What to produce: Each entry that follows is to be duplicated exactly, without its images.

Dataset items:
-- Opening Marker --

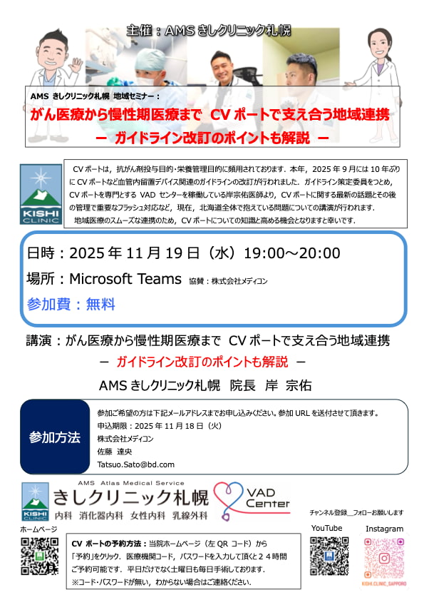 2025年11月19日(水)19時から,第2回 CVポートについての地域セミナーとして,ネット講演会を主催させて頂き,たくさんの医療関係者様に御参加頂き,誠にありがとうございました.
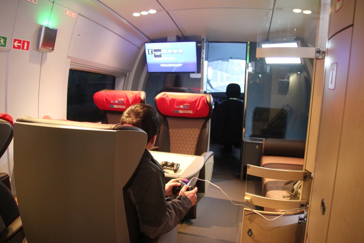 Мониторы, розетки, индивидуальное регулировка освещения есть и в новых, и в старых «Сапсанах». Но в новом поезде добавили приставку Play Station, так что можно поиграть в видеоигры.
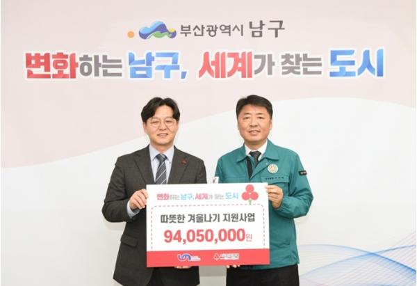 부산사회복지공동모금회(회장 이수태)는 지난 11월 10일, 부산 남구청에서 '따뜻한 겨울나기 지원금' 전달식을 가졌다.
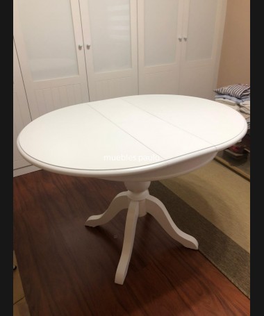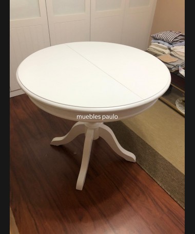 - Mesa de comedor modelo TM0009, redonda y extensible blanca, hecha a medida
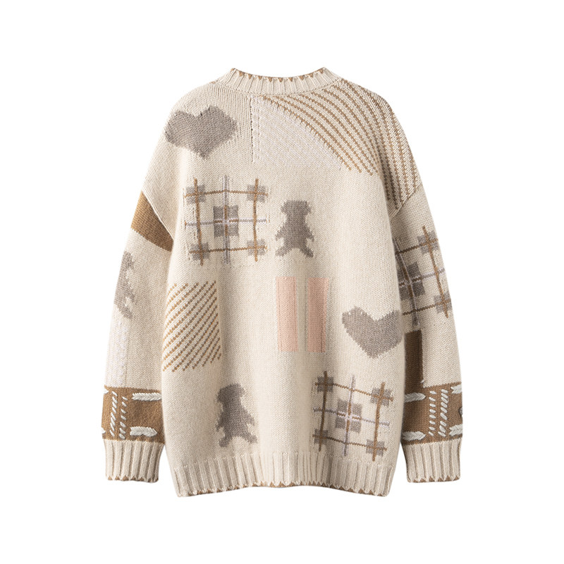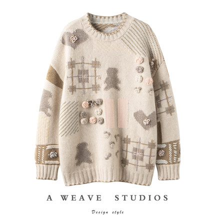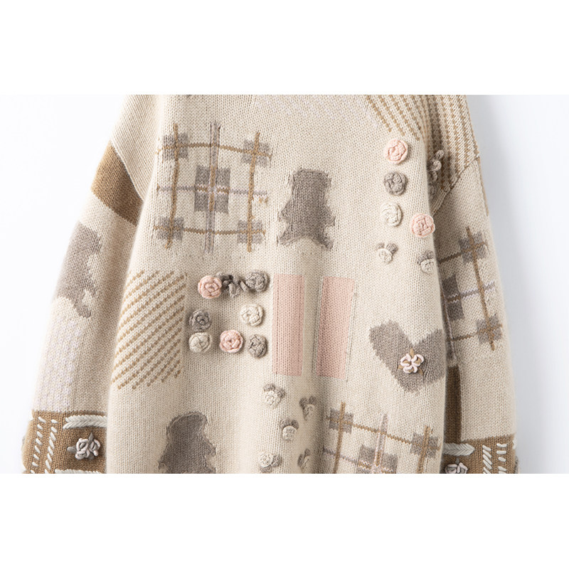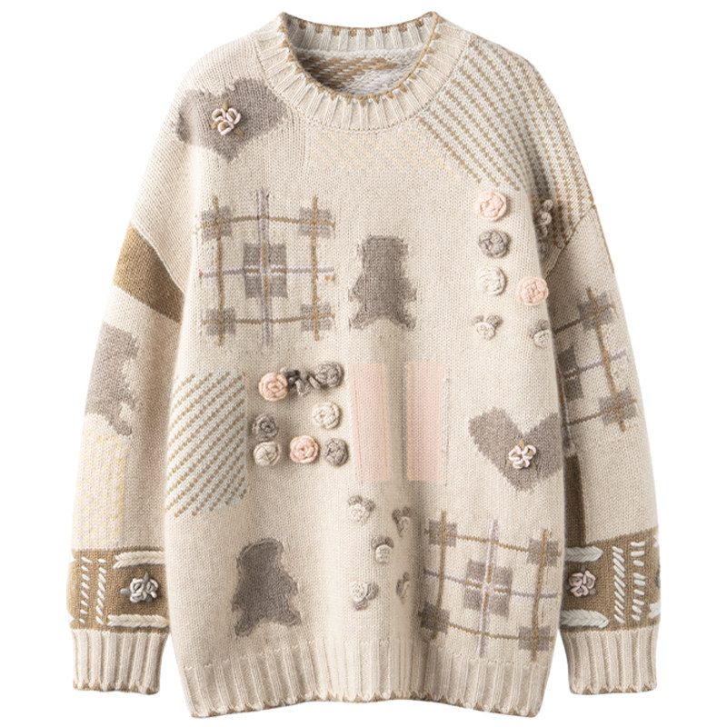 把可爱拿捏住了!新款圆领手工摇花小熊100%纯山羊绒套头衫女
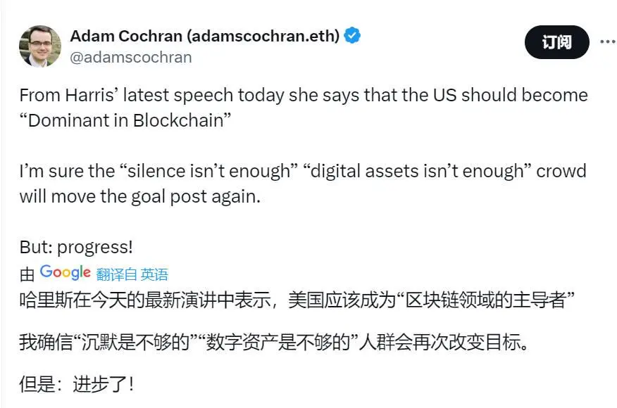 另一方面,部分加密货币倡导者认为,哈里斯在新兴技术方面的立场已经取得了进展。分析师 Adam Cochran 表示,尽管反对者对哈里斯的沉默和「模糊态度」感到不满,但目前的情况仍然代表着一种进步。

-- Closing Marker --

Reply to the task:
 2025年11月19日(水)19時から,第2回 CVポートについての地域セミナーとして,ネット講演会を主催させて頂き,たくさんの医療関係者様に御参加頂き,誠にありがとうございました.
 Мониторы, розетки, индивидуальное регулировка освещения есть и в новых, и в старых «Сапсанах». Но в новом поезде добавили приставку Play Station, так что можно поиграть в видеоигры.
 부산사회복지공동모금회(회장 이수태)는 지난 11월 10일, 부산 남구청에서 '따뜻한 겨울나기 지원금' 전달식을 가졌다.
 - Mesa de comedor modelo TM0009, redonda y extensible blanca, hecha a medida
 把可爱拿捏住了!新款圆领手工摇花小熊100%纯山羊绒套头衫女
 另一方面,部分加密货币倡导者认为,哈里斯在新兴技术方面的立场已经取得了进展。分析师 Adam Cochran 表示,尽管反对者对哈里斯的沉默和「模糊态度」感到不满,但目前的情况仍然代表着一种进步。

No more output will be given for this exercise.